• WHAT YOU ARE ASKED TO DO
After finding the line with "NET ASSET VALUE" in the data below, set down exactly each line through the one with "Premium 3-Pack 5'", inclusive, and stop there.

• GIVEN RECORDS
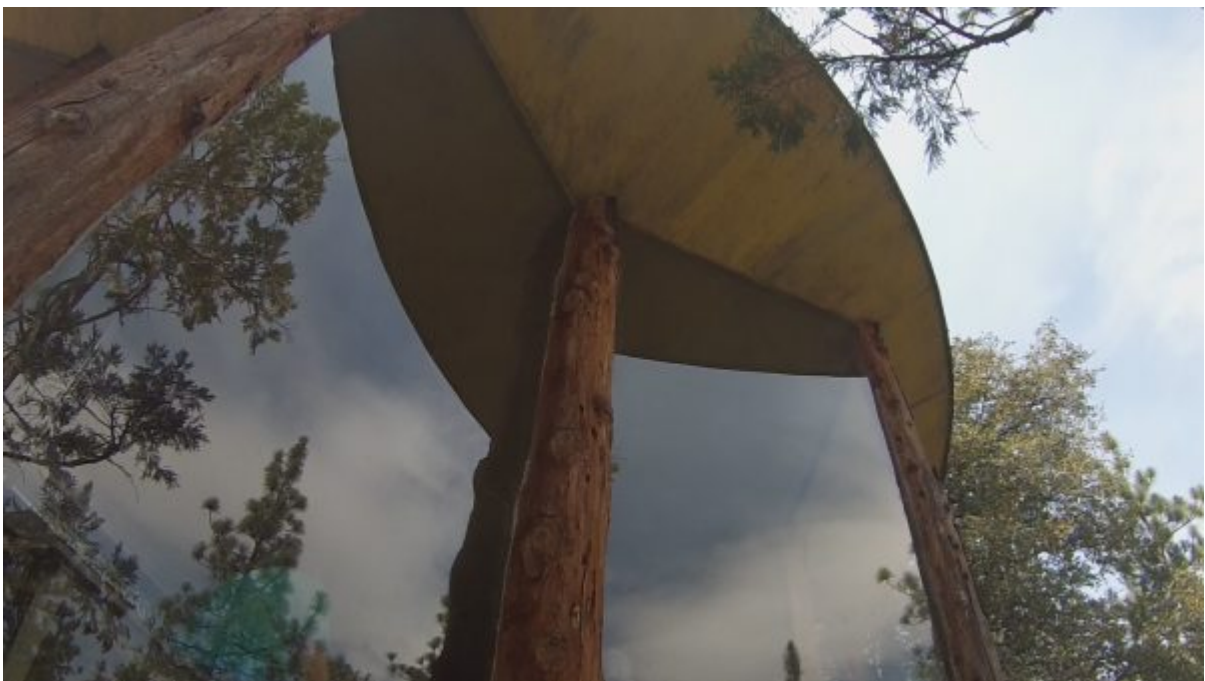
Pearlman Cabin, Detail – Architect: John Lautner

==

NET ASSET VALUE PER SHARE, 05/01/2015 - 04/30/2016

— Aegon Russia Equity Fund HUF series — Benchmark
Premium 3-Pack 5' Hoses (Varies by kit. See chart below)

• EXERCISE RESPONSE
NET ASSET VALUE PER SHARE, 05/01/2015 - 04/30/2016

— Aegon Russia Equity Fund HUF series — Benchmark
Premium 3-Pack 5' Hoses (Varies by kit. See chart below)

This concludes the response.